Median Filter

Neighborhood averaging can suppress isolated out-of-range noise, but the side effect is that it also blurs sudden changes such as line featuress, sharp edges, and other image details all corresponding to high spatial frequencies.

The median filter is an effective method that can, to some extent, distinguish out-of-range isolated noise from legitmate image features such as edges and lines. Specifically, the median filter replaces a pixel by the median, instead of the average, of all pixels in a neighborhood $w$

$\displaystyle y[m,n]=median\{ x[i,j], (i,j) \in w \}$

(16)

where

represents a neighborhood defined by the user, centered around location $[m,n]$

in the image.

1D median filter:

Consider a 1x5 window sliding over a 1D array (either horizontal or vertical) of pixels. Assume the five pixels currently inside the windows are:

$\framebox[0.5in]{80}$ $\framebox[0.5in]{90}$ $\framebox[0.5in]{200}$ $\framebox[0.5in]{110}$ $\framebox[0.5in]{120}$

where the middle pixel with value 200 is an isolated out-of-range and is therefore likely to be noisy. The median of these five values can be found by sorting the values (in either ascending or descending order).

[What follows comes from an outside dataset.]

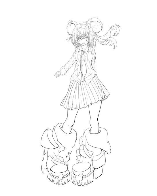 『リルディスプレイ』 本日はここまで描きました。 ラフからもう一度線画を描きまして、 装飾や靴などシルエットで何となく 形を作っていきます。 色も少しずつ決めていきます。 #夏の創作クラスタフォロー祭

The median is 110, the value in the middle:

$\framebox[0.5in]{80}$ $\framebox[0.5in]{90}$ $\framebox[0.5in]{110}$ $\framebox[0.5in]{120}$ $\framebox[0.5in]{200}$

The original pixel value 200 is replaced by the median 110.

Question: How do you get rid of noise in the form of horizontal line across the image using 1D median filter?

2D median filter:

The window of a 2D median filter can be of any central symmetric shape, a round disc, a square, a rectangle, or a cross. The pixel at the center will be replaced by the median of all pixel values inside the window.

Programming issues:

Sorting is necessary for finding the median of a set of values. There exit various sorting algorithm with complexity of $O(n\; log_2 n)$ . However, in this case, as the number of pixels is quite limited, a simple sorting method with complexity $O(n^2)$ can be used. The code segment below sorts a 1-D array of $n$ elements into descending order:

  for (i=0; i<n-1; i++)
      for (j=i+1; j<n; j++)
          if ( bin[i] < \;bin[j] ) {
              w=bin[i]; bin[i]=bin[j]; bin[j]=w; 
          }

Example:

This figure shows the comparison of the smoothing results of a 1D signal (blue, 1st column) by an average filter (red, 2nd column) and by a median filter (red, 3rd column) both of size five. It is clear that the average filter always blurs edges without completely suppressing noise, while the median filter can preserve sharp edges while completely suppressing isolated out-of-range noise, based on the size of the feature. If its size is less than half of the filter size, indicating the pixel is likely to be an out-of-range noise, it is replace by the median. However, if the size is greater than half of the window, large enough to represent some legitimate feature in the image, it is preserved.